The government filed a motion to dismiss, arguing that the United States could not be shown to have been an operator or an arranger for disposal within the meaning of CERCLA, as its activities affecting the facility
were regulatory. The district court rejected the government's position, holding that the United States is liable, regardless of the nature of its activities, whenever the government's "involvement or control become[s] so pervasive or significant as to warrant the imposition of CERCLA liability."
In a subsequent motion for partial summary judgment, the government argued that it had not waived sovereign immunity under CERCLA for purely regulatory activities and that, in any event, its activities at the site did not rise to the level of ownership or operation necessary for the imposition of liability under the statute. The district court denied the motion, holding that there were disputes of material fact relating to the owner and operator issues concerning the extent of the government's activities at the plant. In March 1991, the district court held a four-day non-jury trial on the liability issues.

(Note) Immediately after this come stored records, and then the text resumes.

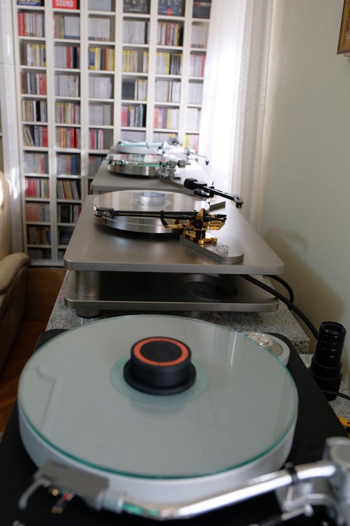 Nicht sparen sollte man aus seiner Sicht am Tonarm und am Tonabnehmersystem. Auf Wunsch stattet Spitaler seine Plattenspieler mit den Spitzenmodellen der englischen Schmiede SME aus – eingekauft und auf Lager gelegt, ehe die Briten beschlossen, ihre Tonarme nicht mehr einzeln, sondern nur noch an den eigenen Laufwerken montiert auszuliefern. Irgendwann wird sich auch Othmar Spitalers Lagerbestand erschöpfen. Weshalb er darüber nachdenkt, in enger Zusammenarbeit mit Wolfgang Haumberger einen eigenen Tonarm anzubieten, der „mindestens so gut wie die Modelle von SME, eher besser“ sein soll. Die Tonabnehmer stammen von Audio-Technica oder Ortofon, wobei superiorer Klang mit einem Seismograph schon unterhalb der Top-Riege zu haben ist.
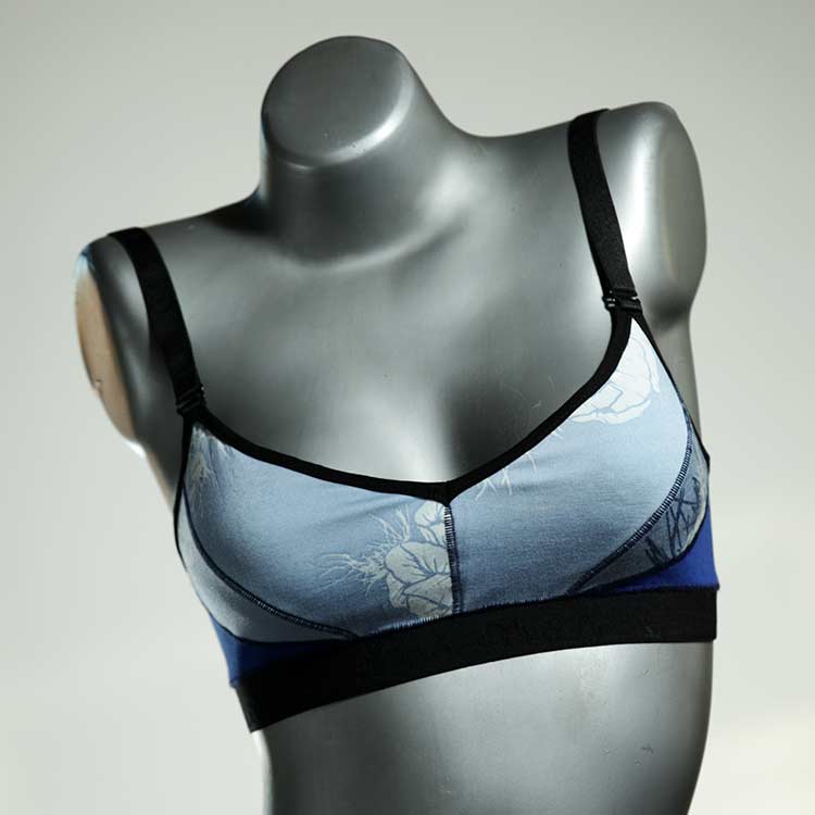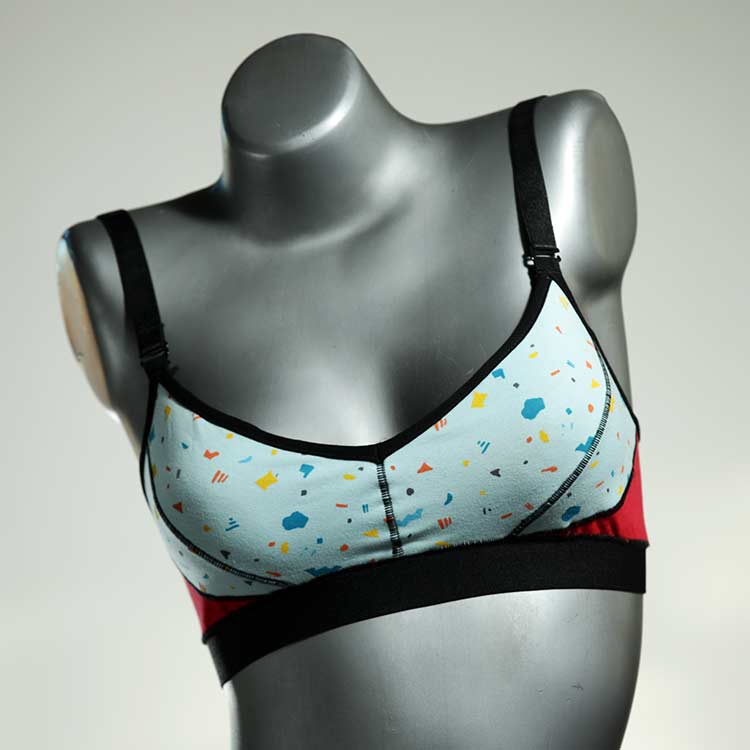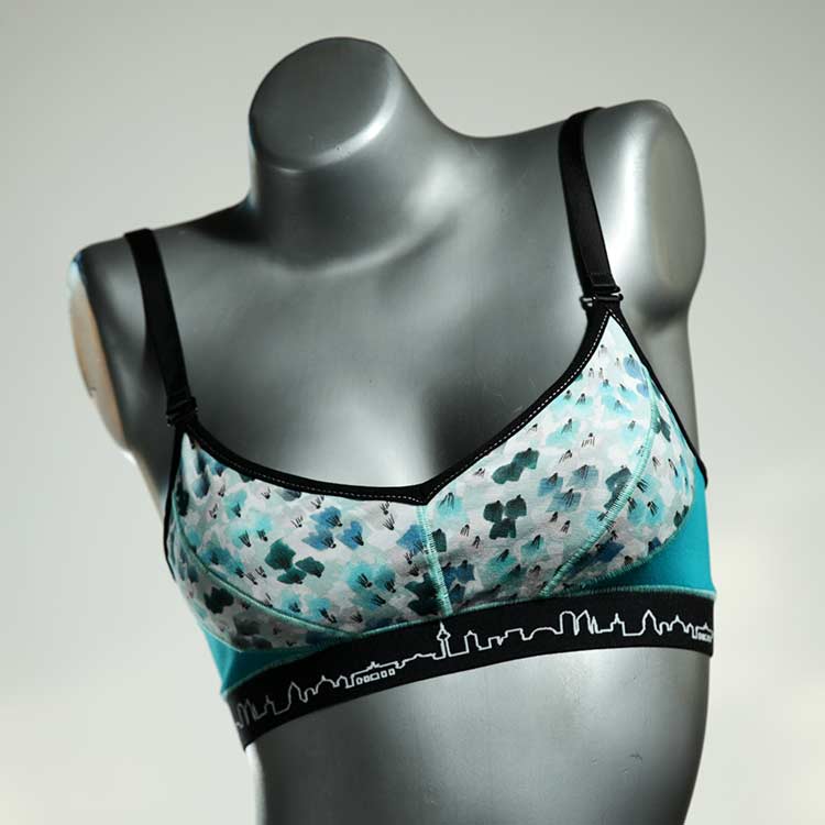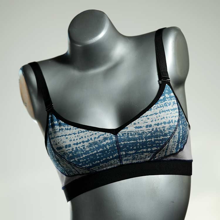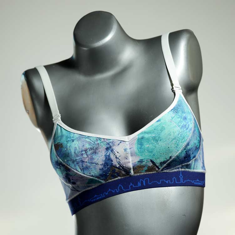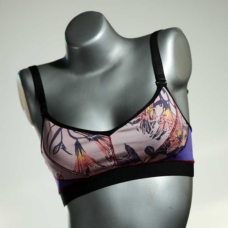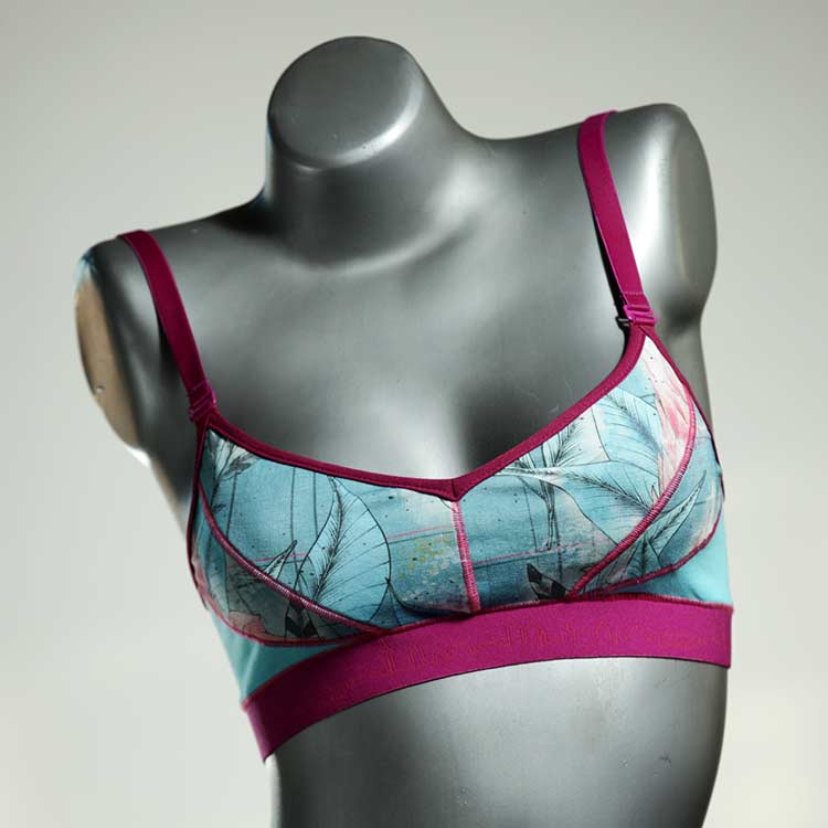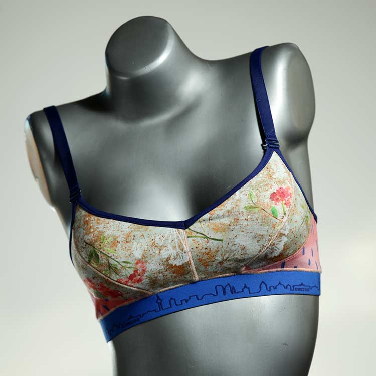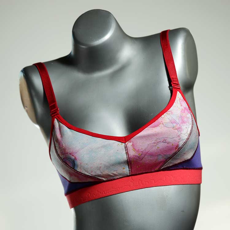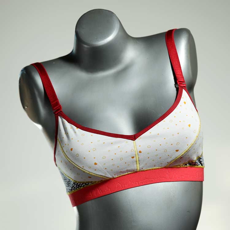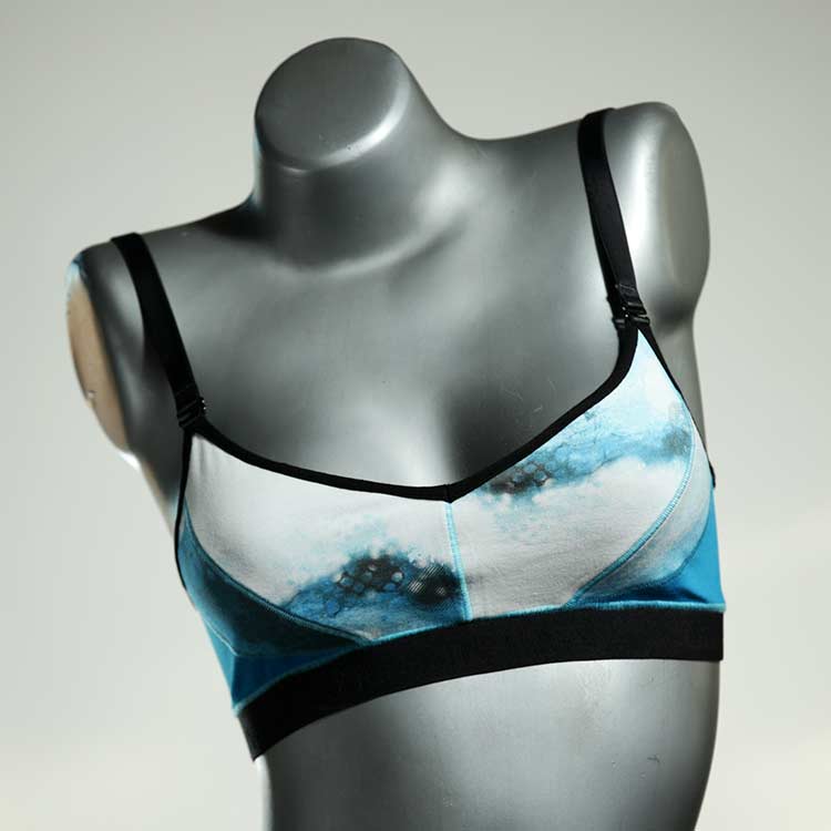 Soutien-gorge moelleux et doux en jersey de coton biologique respirant avec des designs uniques. Une véritable pièce unique issue de la production locale. Sans fil, sans oreiller ni attache, ils sont confortables à porter. Les bretelles ont une largeur de 16 mm, les bonnets sont à double épaisseur et en coton biologique à l'intérieur. Convient également comme soutien-gorge d'allaitement.
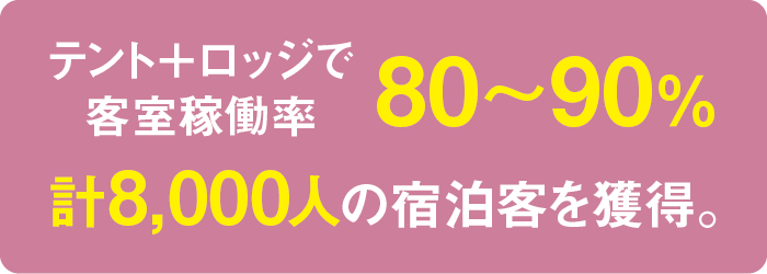 オープン後間もなくコロナ禍に入ったが、グランピングならではのオープンエアな滞在環境が「3密を回避しつつ余暇を楽しみたい」という客層に好評で、順調な営業を継続している。「グランピングの事例を機に、今後も、市や県内外の様々な事業者と協力し合いながら、地域内で経済を循環させられる環境をつくっていきたいと考えています」と展望を語った。
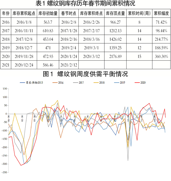 首先,在需求轉弱背景下,2021年1月后鋼材大概率庫存累積。2020年12月下旬之后,隨著天氣的轉冷,市場需求開始逐步走弱,螺紋鋼庫存降速也持續放緩。 截至2020年12月底,螺紋鋼開始出現首周庫存累積,當周(2020年12月28日~12月31日)螺紋鋼庫存為622.25萬噸,環比回升35.79萬噸。從歷史數據看,每年春節前8周~11周左右,鋼材庫存拐點開始出現。目前距離春節有6周左右的時間,結合當下基本面情況,筆者認為庫存拐點出現概率較大,后期可能開始持續庫存累積。
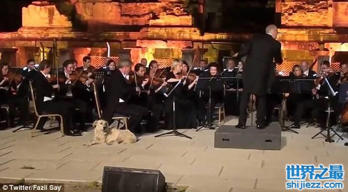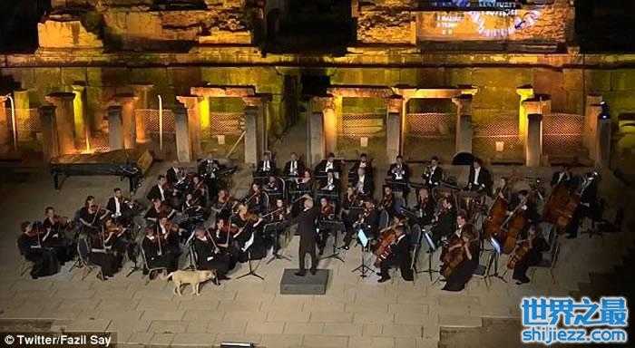 维也纳室内交响乐团(Vienna Chamber Orchestra)近日到土耳其西南部的以弗所古城(Ephesus)进行户外演奏,正当乐团演奏孟德尔颂第4号交响曲《意大利》时,突然来了一个不速之客——一只流浪狗霸气登台,并赢得现场观众掌声。
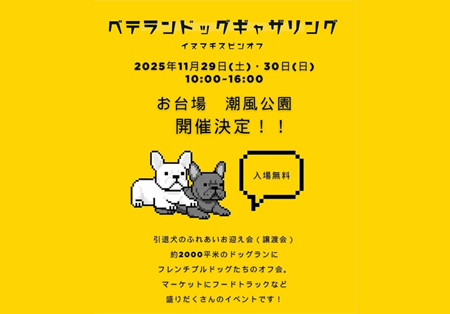 大阪府八尾市にある 久宝寺緑地 修景広場にて、「Doggies Mart ドギーズマート ’25」が2025年11月2日(日)・3日(月・祝)に開催。
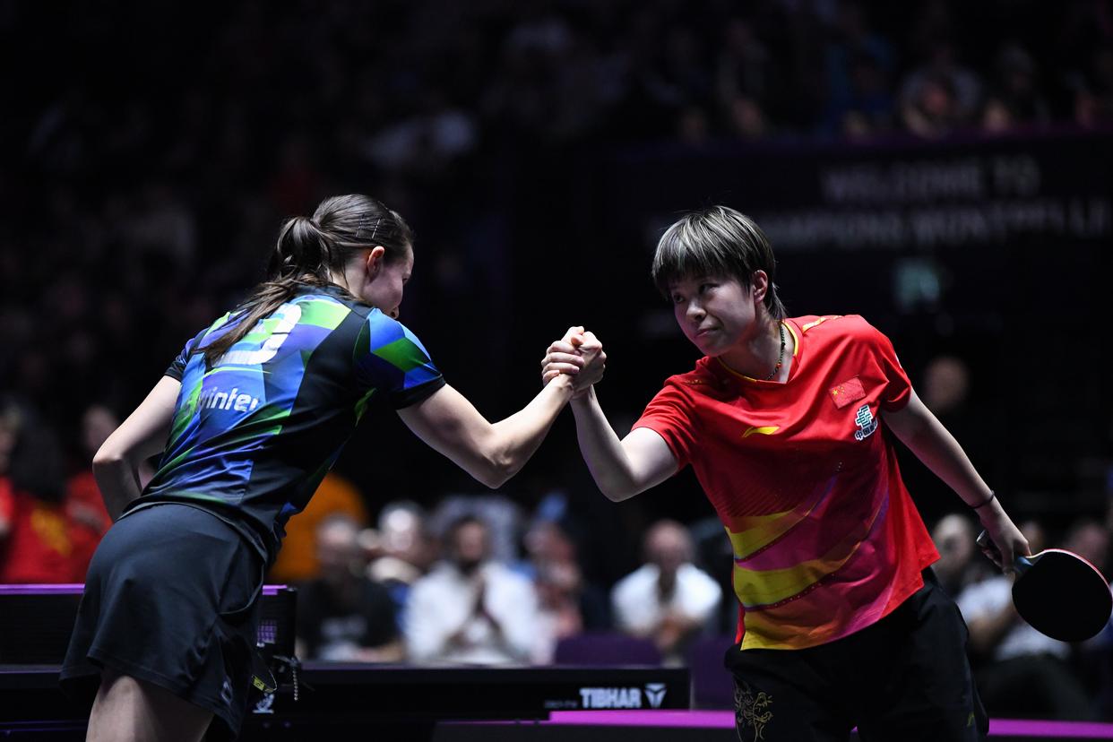 11月2日,中国选手王艺迪(右)和德国选手沙宾·温特握手。新华社记者 连漪 摄
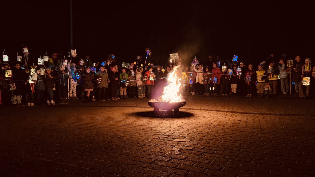 In der letzten Woche fand wieder unser Martinsfest satt. Viele bunt leuchtende Laternen und strahlende Kinderaugen zogen musikalische begleitet durch die Siedlung. Aus organisatorischen Gründen musste der Zugweg leider kurzfristig geändert werden. Im Anschluss wurde am Martinsfeuer noch gemeinsam gesungen und von Kindern aus der 3a das Martinsspiel aufgeführt. Der Förderverein hat durch eine stimmungsvolle Gestaltung des Schulhofes und mit warmen Getränken und Würstchen vom Grill das Fest abgerundet.

Subsequently, in an opinion issued February 20, 1992, the district court held the government liable on all three theories articulated by FMC: as an owner, operator, and arranger. See FMC Corp. v. United States Dep't of Commerce, 786 F.Supp. 471. The liability period for these categories varied, and no period was identified specifically for "arranger" liability, but all fell between January 1942 and March 1948.
The trial consisted largely of the introduction of documents as most persons with knowledge of the activities at the facility during the war had died. But the parties also introduced depositions, and there was some in-court testimony. Based on this evidence, the district court made extensive findings of fact, many if not most of which are not in dispute, and which we only need summarize.
The facility is a 440-acre site and includes a manufacturing plant and 23 waste disposal basins and landfill areas. The plant was owned and operated by American Viscose from 1940 to 1963, FMC from 1963 to 1976, and Avtex Fibers-Front Royal, Inc. from 1976 to 1989. American Viscose is now out of business, and Avtex is in bankruptcy reorganization. Id.
In January 1942, an executive order established the WPB. The WPB was empowered to issue directives to industry regarding war procurement and production, including directives concerning purchasing, contracting, specifications, construction, requisitioning, plant expansion, conversion, and financing. Moreover, in 1942, the WPB's powers were expanded to include the seizure and operation of non-complying industries. Id. at 474-75.